Quote from ExxonMobil:
“For a few months now, ExxonMobil has been hit by a series of politically motivated legal attacks related to our climate research.
Amid all the tumult, it’s easy to lose track of the most elemental – if not the most important – facts about our corporation’s position on climate change.
So let me take this opportunity to restate it.
At ExxonMobil, we believe the risks of climate change are real.
We are actively working to reduce greenhouse emissions in our own operations and to help our customers reduce their emissions as well.”

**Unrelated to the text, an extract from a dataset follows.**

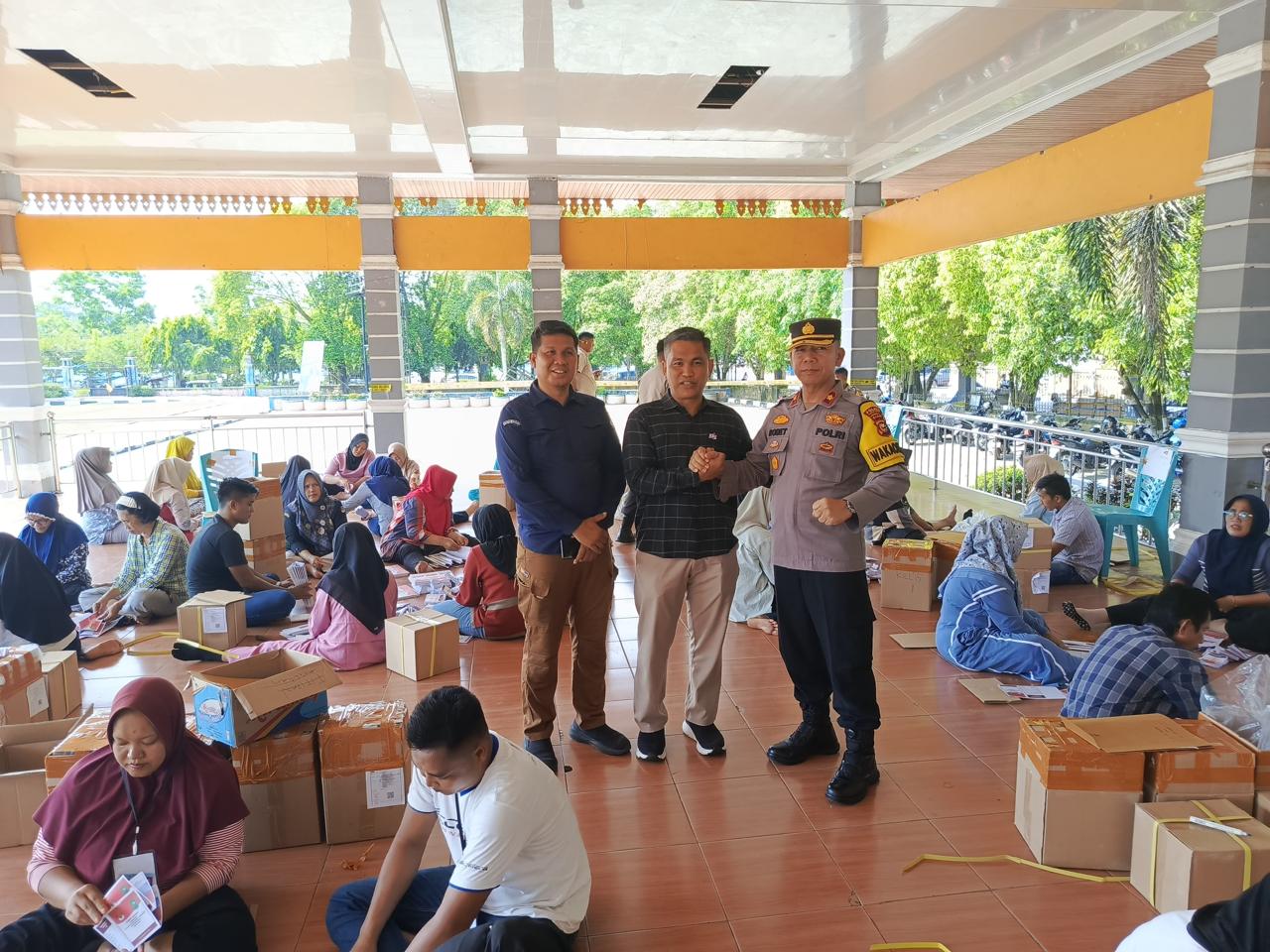 KOMPOL Robet Arizal, S.Sos, turun langsung ke lokasi untuk memastikan keamanan dan ketertiban selama proses pelipatan surat suara berlangsung. Beliau melakukan pengecekan terhadap kesiapan para personil keamanan yang bertugas, sekaligus memantau seluruh rangkaian proses pelipatan. Proses ini melibatkan sejumlah personil kepolisian yang ditugaskan untuk mengawal dan menjaga ketertiban selama kegiatan yang dianggap krusial untuk kelancaran pelaksanaan Pilkada serentak ini.

https://energyfactor.exxonmobil.com/perspectives/exxonmobil-climate-change/

Cam
Reply to  Cam
December 12, 2019 1:47 pm

ExxonMobil won the case since it was found they didn’t hide the facts they realised AGW was real and that they had in fact let people know about it!
Quote from ExxonMobil:
“ExxonMobil recognizes the risks posed by climate change, and we believe that everyone should be engaged in meaningful action to reduce greenhouse gas emissions.”